5G, along with its role in industries, is a popular topic. An important part of this conversation is the campus network, which serves as one of the key implementations of 4G/LTE and 5G technologies in an industrial setting. In particular, campus networks were implemented to fulfill the growing requirement for higher availability and lower latency, without the cost and complexity brought by fixed lines. As the Citizen Broadcast Radio Service (CBRS) spectrum (the early enabler of private 4G/5G networks) was released, pioneer organizations either began their plans for campus networks, or started developing campus networks in their smart factories, remote power stations, pipelines, and remote mining sites. (1)
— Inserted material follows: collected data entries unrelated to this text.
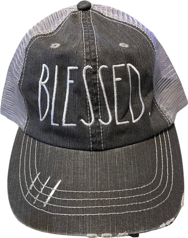 Blessed Rae Dunn Inspired Embroidered Trucker Hat Trucker hat with mesh back and velcro closing.
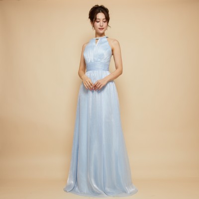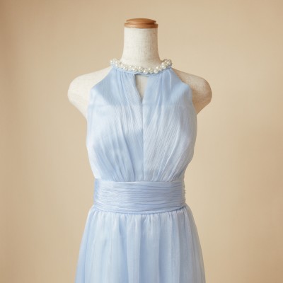 首元に華やかなボリュームのあるパールを連ねた、清楚なライトブルーカラーのホルターネックスタイルドレス。さらっと軽いワッシャー加工オーガンジーの個性的な風合いとペールトーンの落ち着いたカラーがとても上品な雰囲気です。
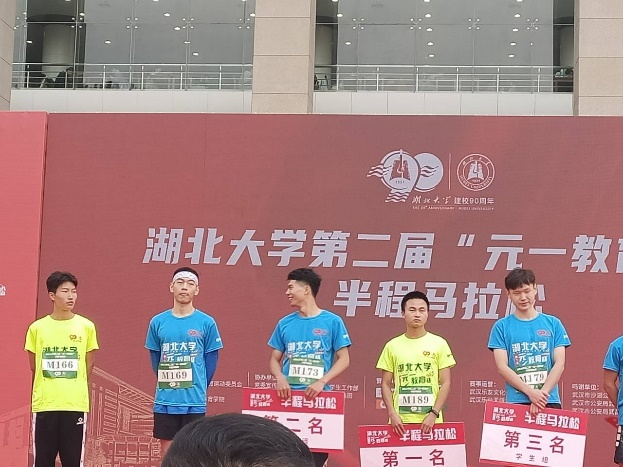 公司第二届半程马拉松比赛中,公司本科生吴东阳在朝阳下挥洒着汗水,跑出自我,跑出风采,以拼搏冲刺的姿态为湖大庆生。
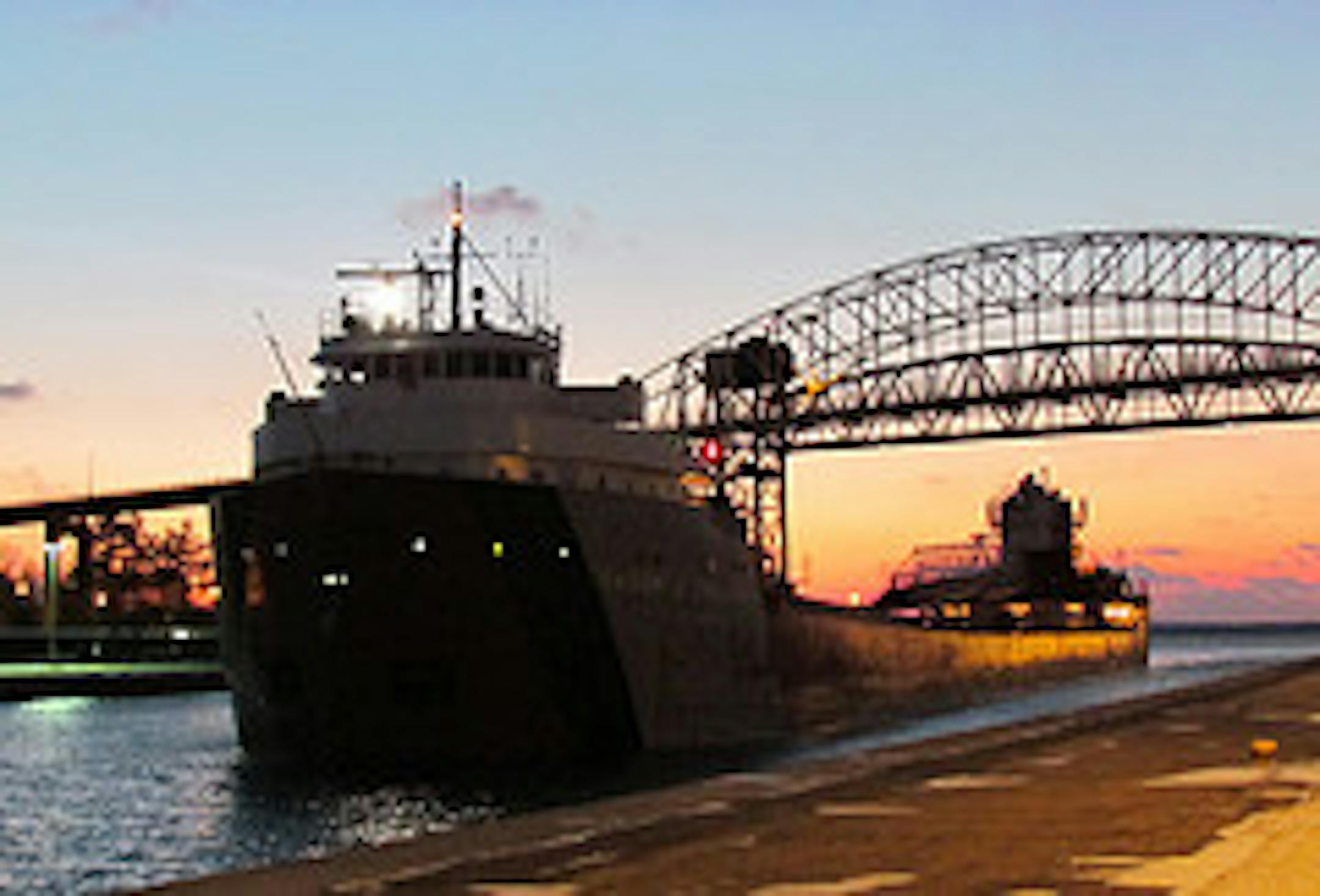 The 767-foot Cason J. Callaway (above), loaded with 25,000 tons of taconite pellets loaded at Two Harbors, Minn.,, passed through the Poe lock at Sault Ste. Marie, Mich. just after sundown Tuesday. It was headed for Indiana Harbor at the southern tip of Lake Michigan, south of Chicago, to deliver the iron ore, and then to Sturgeon Bay, Wis., where it will spend the winter. .

However, both the transition to 5G and the current threats to campus networks highlight security issues that are compounded by the fact that telecommunications and IT/OT exist in what appear to be nearly different fields of expertise. The network is either installed on-premises by a campus network provider or as a slice of a public telecom network. Still, IT and OT engineers often overlook the cost of maintaining campus networks. They either mistakenly trust the campus network or treat it solely as applications running on an IP network.

This is a problem due to the growing complexity of the role that telecom technologies play in factories, critical infrastructures, smart cities, and other industrial environments. As a result of such complexity, IT/OT experts might lack the knowledge necessary to help mitigate security issues involved in campus networks. Since the core competencies for both IT and OT differ from those that are needed for campus networks, IT/OT experts must learn and maintain new knowledge.
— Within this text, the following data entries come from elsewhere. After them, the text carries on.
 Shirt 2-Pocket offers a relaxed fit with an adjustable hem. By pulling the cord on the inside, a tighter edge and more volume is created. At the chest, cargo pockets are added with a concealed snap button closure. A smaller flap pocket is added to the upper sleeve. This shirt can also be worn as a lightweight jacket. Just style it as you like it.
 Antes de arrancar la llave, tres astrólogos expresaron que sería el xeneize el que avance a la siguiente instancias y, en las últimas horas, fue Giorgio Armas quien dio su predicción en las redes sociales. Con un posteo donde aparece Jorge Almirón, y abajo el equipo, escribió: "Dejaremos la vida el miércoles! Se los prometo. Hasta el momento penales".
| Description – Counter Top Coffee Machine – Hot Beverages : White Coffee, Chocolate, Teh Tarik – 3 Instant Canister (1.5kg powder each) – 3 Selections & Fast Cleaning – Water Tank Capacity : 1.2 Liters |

This research intends to fill the gap on what can be learned from practical demos. Overall, the research should be helpful for IT/OT personnel and should narrow the knowledge gap between the two fields and telecommunications. The attack scenarios discussed here demonstrate how to conduct the most common and generic attacks that IT professionals are familiar with and also introduce cellular-specific attacks.

In this paper, Trend Micro’s research team assesses and demonstrates the security risks in a real configuration of an ICS that is connected to a campus network.

Lastly, the attack scenarios that the authors discuss range from common TCP/IP attacks, such as an MitM attack, the modification of packets on the fly, and some telecom-specific scenarios. Afterward, the team elaborates on the efficient mitigations and valuable defenses for these attack scenarios.